Pluto and Barnard 92
Pluto. No matter how you think of it, dwarf planet, regular planet or isolated world on the remote outskirts of the solar system, Pluto’s presence is indisputable. It was there yesterday, its there today and it will be there tomorrow. Since its reclassification in August 2006, the subject of Pluto has stoked public interest in a way not seen since the announcement of its discovery 80 years ago.
Trying to view Pluto through a telescope can be quite difficult. Ordinarily, it appears ’star-like’, a faint point of light that will not resolve into a planetary disc. Without a detailed set of charts to guide your observation, it can be hard to identify Pluto hidden in the midst of a rich star field.
The classic method of finding solar system bodies – minor planets, asteroids, comets, etc. is to make repeated sketches or photographs of an area of interest. Because they are so far away, our view of stars remains unchanged. So, any object that shows movement becomes a discovery candidate. The same technique was used to discover Pluto.

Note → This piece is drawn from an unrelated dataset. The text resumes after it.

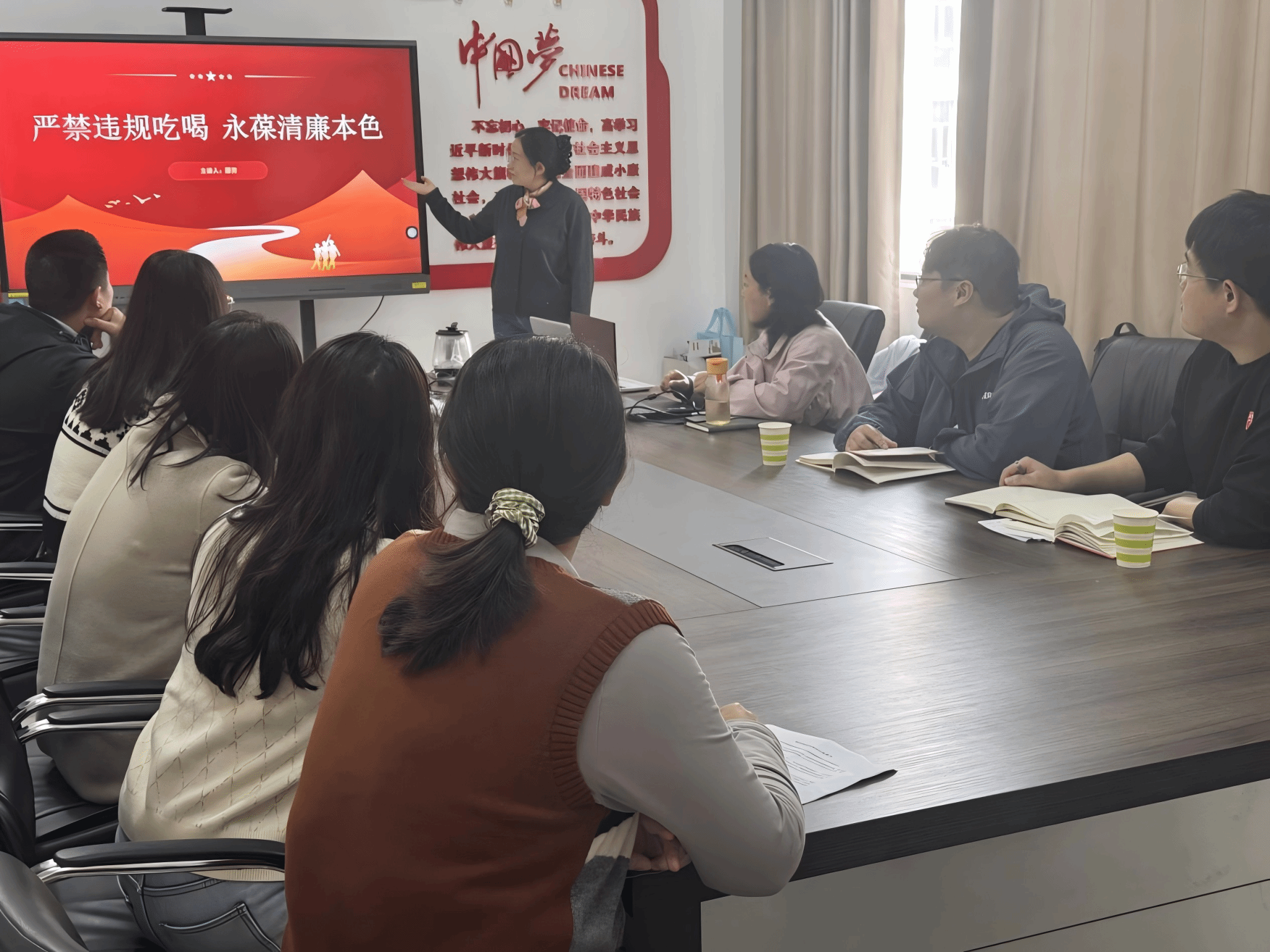 授课过程中,邢芳同志结合近年来通报查处的违规违纪典型案例,深刻剖析了节日期间易发多发的廉洁风险。她强调,节日是“四风”问题易发高发期,也是对党员干部党性修养和纪律意识的考验期。全体党员务必时刻保持清醒头脑,高度警惕违规吃喝、违规收送礼品礼金等突出问题,切实增强纪律意识和规矩意识,做到知敬畏、存戒惧、守底线,坚决杜绝“节日腐败”。

In early 1930, Clyde Tombaugh was nearing the one year mark of a survey to photograph regions of the sky along the plane of the solar system. With painstaking care, he worked through the zodiacal constellations, taking pictures of the same areas several days apart. He then used a blink comparator to check the images and see if anything moved within the frames. One day, while blinking frames taken in Gemini, he spotted a shifting point of light and the rest is history.
This year, Pluto can be found in the constellation Sagittarius, the Archer. To stargazers, Sagittarius is an observer’s delight chocked full of star clusters and nebulae. Many of these gaseous nebulae are intense regions of star formation – labor and delivery for the Milky Way Galaxy. But there is another type of nebula, cold clouds of interstellar gas and dust known as dark nebulae.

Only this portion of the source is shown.